BEGIN
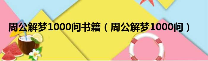 大家好,今天小六子来为大家解答以下的问题,关于周公解梦1000问书籍,周公解梦1000问这个很多人还不知道,现在让我们一起来看看吧!
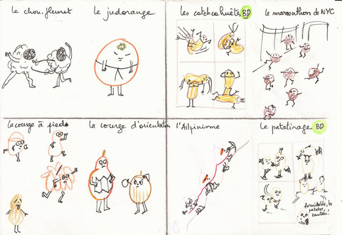 Cette exposition présente les illustrations de l'album jeunesse Les dieux du stand. Celui-ci a été imaginé par Françoise de Guibert qui a trouvé les jeux de mot et dessiné les scènes des légumes sportifs. Le livre est publié par les éditions Glénat.
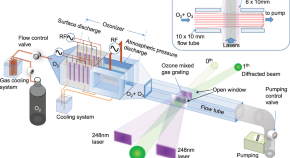 In high-power lasers, beams are expanded to the order of meters such to avoid damaging optical element, but increasingly large optics are impractical. Here, a diffraction grating based on laser-induced density modulations of a gas is shown to exhibit an enhanced damage threshold for nanosecond pulses.
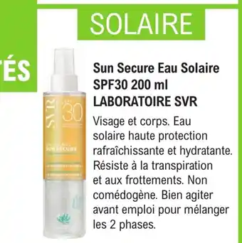 | Sun Secure Eau Solaire SPF30 200 ml LABORATOIRE SVR | E.Leclerc Parapharmacie | 8,00 € | 27 juin 2023 | 22 juillet 2023 | |||
END
Task objective
Leaving the pictures out, output all of the listing exactly.

Problem solution
 大家好,今天小六子来为大家解答以下的问题,关于周公解梦1000问书籍,周公解梦1000问这个很多人还不知道,现在让我们一起来看看吧!
 Cette exposition présente les illustrations de l'album jeunesse Les dieux du stand. Celui-ci a été imaginé par Françoise de Guibert qui a trouvé les jeux de mot et dessiné les scènes des légumes sportifs. Le livre est publié par les éditions Glénat.
 In high-power lasers, beams are expanded to the order of meters such to avoid damaging optical element, but increasingly large optics are impractical. Here, a diffraction grating based on laser-induced density modulations of a gas is shown to exhibit an enhanced damage threshold for nanosecond pulses.
 | Sun Secure Eau Solaire SPF30 200 ml LABORATOIRE SVR | E.Leclerc Parapharmacie | 8,00 € | 27 juin 2023 | 22 juillet 2023 | |||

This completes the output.